In a pre-pandemic world, continuing education (CE) credits were easy to acquire. If you attend enough events, conferences, etc., it was impossible to not collect sufficient CE to renew your various certifications. That’s because CE credits to maintain one’s CERTIFIED FINANCIAL PLANNERTM (or other) designation were available at local and national Financial Planning Association (FPA) and NAPFA conferences (including my personal favorite, FPA’s NexGen Gathering), events hosted by mutual fund companies, and others.
Naturally, the coronavirus has impacted both travel and the existence of conferences for the short-term. Fortunately, there are still a multitude of options for those looking to collect CE credits. This includes those very organizations mentioned above making a pivot to Zoom meetings. There are also CE’s available from publications, such as the FPA’s Journal of Financial Planning (free for FPA members), Financial Planning magazine (free for those that register), and Financial Advisor magazine (also free).
Not all Continuing Education (CE) is Created Equal
Unfortunately, not all continuing education (CE) credits are created equal. At the risk of appearing ungrateful to those organizations providing CE credits for free, I must
say type that there is some pretty disappointing stuff out there. Without naming anyone, I’ll use an example of some CE credit I completed recently:
Question #1: Of the 20 bond mutual funds listed in this article, which fund had the highest 10-year investment return?
Question #2: Of the 20 bond mutual funds listed in this article, which fund had the highest one-year investment return?
Yikes! While completing the exercise alluded to above was exceptionally easy, it certainly defeats the purpose of maintaining one’s license/designation by earning continuing education credits: education!
Kitces.com Members Section for Continuing Education (CE) Credits for Financial Advisors
It goes without saying that Michael Kitces is the man when it comes to financial planning content. And for those bold enough to consume a sufficient amount of caffeine to digest the posts at Kitces.com, there lies a second opportunity: earning CE credits, once you’ve ponied up what’s necessary for a member subscription.
Having just plunked down the necessary cash myself to join the Kitces.com member section, allow me to give my impression of the Kitces.com member section – with the focus being earning CE credits.
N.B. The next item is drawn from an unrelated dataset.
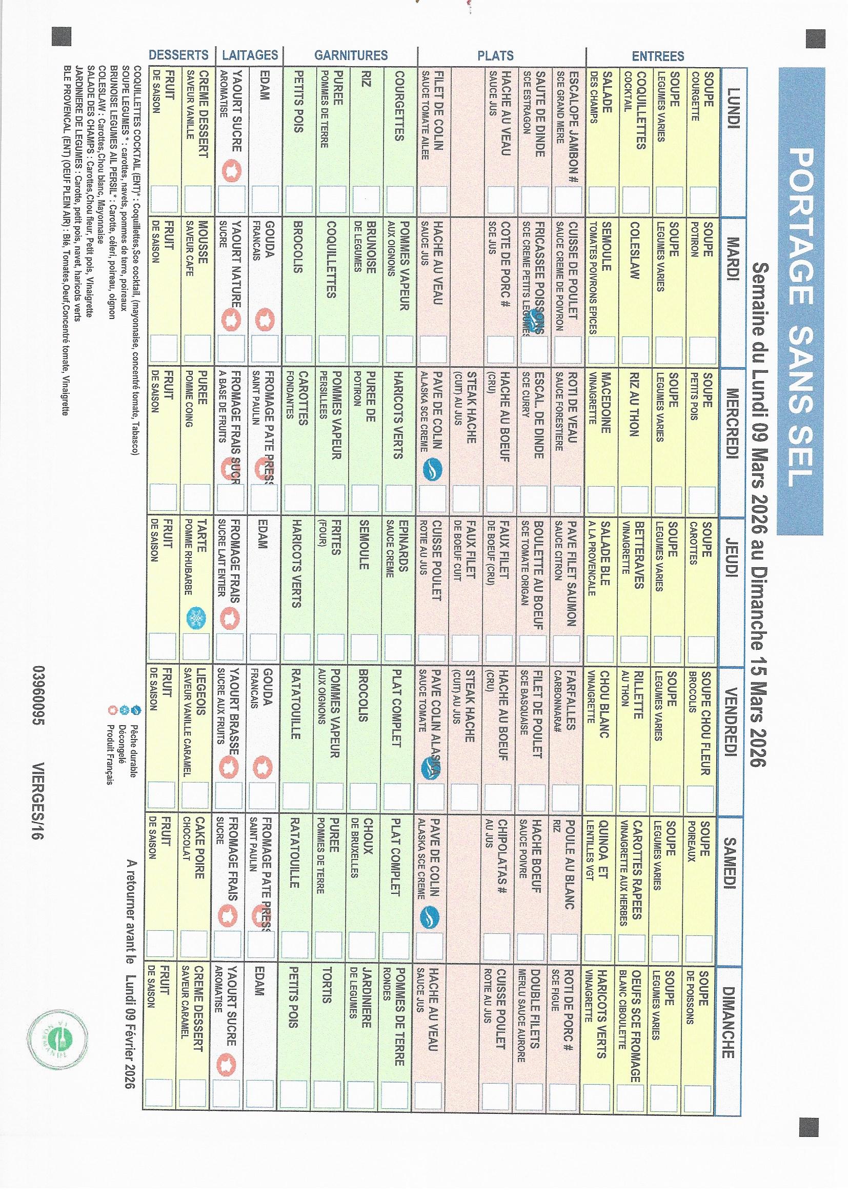 MENUS SANS SEL ET SANS SUCRE

I opted for the $149 annual membership, which represents the mid-tier in the Kitces.com member section offering. This gave me access to historical CE quizzes. (I was looking to rack up lots of CE, given the extra downtime afforded to me during the pandemic lockdown. No, I don’t have kids.)
Having completed several of the CE quizzes on the Kitces.com member section, I can confidently say that the $149 is well worth the price for earning CE credits. True to Kitces’s billing, you will actually learn something. Whatsmore, I’ve enjoyed it immensely; it has been absolutely fascinating to comb through the posts on Kitces.com. It is very informative!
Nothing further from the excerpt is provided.